The list of positive and negative indexes for each character in the word "CALIFORNIA":Index of C is 0 or -10,Index of the first A is 1 or -9,Index of L is 2 or -8,Index of the first I is 3 or -7,Index of F is 4 or -6,Index of O is 5 or -5,Index of R is 6 or -4,Index of N is 7 or -3,Index of the second I is 8 or -2,Index of the second A is 9 or -1.The length CALIFORNIA is 10.

  • index of C is 0 or -10

  • index of first A is 1 or -9

  • index of second A is 9 or -1

Warning: There is a character with index -10 (the second ‘A’), but there is no character with index positive 10 because indexing starts with 0, and it does not reach 10, which is the length of the string.

  • For any string, there is no character with an index equal to the length of the string.

state = 'CALIFORNIA'
# character at index 0 
print(state[0])
C
# character at index 6 
print(state[6])
R
# character at index -1 
print(state[-1])
A
# character at index -3 
print(state[-3])
N
  • There is an error in the following code because there is no character with index 10.

# ERROR: out of range
state[10]
  • The length of state is 10, and there is an error in the following code. This applies to all strings.

# ERROR: out of range
state[len(state)]
  • There is no error in the following code because len(state) - 1 = 9 is the index of the last character.

print(state[len(state)-1])
A

Quick Check!

Find the output of the following code:

state = 'arizona'
print(state[3])
print(state[-5])

Solution

z
i

String Slices#

You can access more than one character of a string by using index numbers.

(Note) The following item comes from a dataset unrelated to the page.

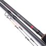 Deze krachtige fast-tapered feederhengels zijn gemaakt voor het werpen van grote afstanden op groter water. Groot voordeel van deze hengels is de snelle actie welke zorgt voor het eerder contact hebben met de vis bij het aanslaan op grote afstand. Voor het werpen van afstanden is de hengel uitgevoerd met grotere geleide ogen tot en met de top. De hengels worden geleverd met 2 carbontoppen en er zijn toppen leverbaar van 1oz t/m 6oz. Voor ieder wat wils dus die wil gaan vissen op voorn, bliek, brasem en zelfs karper op elke afstand!
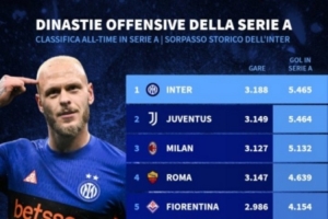 體育資訊4月13日訊 德國轉(zhuǎn)會(huì)市場統(tǒng)計(jì)了各隊(duì)在意甲的歷史進(jìn)球總數(shù)量,并列出榜單,國米打進(jìn)5465球,超越尤文居首。

  • It is in the form of string[start: end] with inclusive start and exclusive end.

  • Use : (colon) inside square brackets between the start and end indexes.

  • It consists of characters starting with index start up to the character with index end-1.

  • The character with index end is not included.

  • It returns a substring.

  • Examples:

    • string[2:5] returns characters with indexes 2, 3, 4 (5 is not included).

    • string[-4:-1] returns characters with indexes -4, -3, -2 (-1 is not included).

The list of positive and negative indexes for each character in the word "CALIFORNIA":Index of C is 0 or -10,Index of the first A is 1 or -9,Index of L is 2 or -8,Index of the first I is 3 or -7,Index of F is 4 or -6,Index of O is 5 or -5,Index of R is 6 or -4,Index of N is 7 or -3,Index of the second I is 8 or -2,Index of the second A is 9 or -1.

state = 'CALIFORNIA'
print(state[2:5])  # index=2,3,4
LIF
state = 'CALIFORNIA'
print(state[-4:-1])  # index=-4,-3,-2
RNI

Default start and end values:

  • string[:end]: the default value of start is 0, which means it starts from the very beginning.

    • For example, string[:5] returns characters with indexes 0, 1, 2, 3, 4 (5 is not included).

  • string[start:]: the default value of end is the length, which means it goes all the way to the end.

    • For example, string[2:] returns characters with indexes 2, 3, 4, 5, 6, 7, 8, 9 (all characters starting from index 2).

  • string[:]: starting from the very beginning and going all the way to the end, representing the whole string.

state = 'CALIFORNIA'
print(state[2:])  # index = 2,3,4,5,6,7,8,9
LIFORNIA
state = 'CALIFORNIA'
print(state[:5])  # index = 0,1,2,3,4
CALIF
state = 'CALIFORNIA'
print(state[:])  # index = all of them = 0,1,2,...,9
CALIFORNIA

Quick Check!

Find the output of the following code:

state = 'arizona'
print(state[3:5])
print(state[2:])
print(state[:3])

Solution

zo
izona
ari

Step parameter

Slicing can also be done by taking steps in the form of: string[start: end: step].

  • string[start: end: step] means starting with the character at index = start up to the character at index = length - 1, as before, but not necessarily including all characters between them.

  • The first index is start, the second index is start + step, and the third index is start + 2 * step.

  • It continues in this way, but the largest index can be at most length - 1.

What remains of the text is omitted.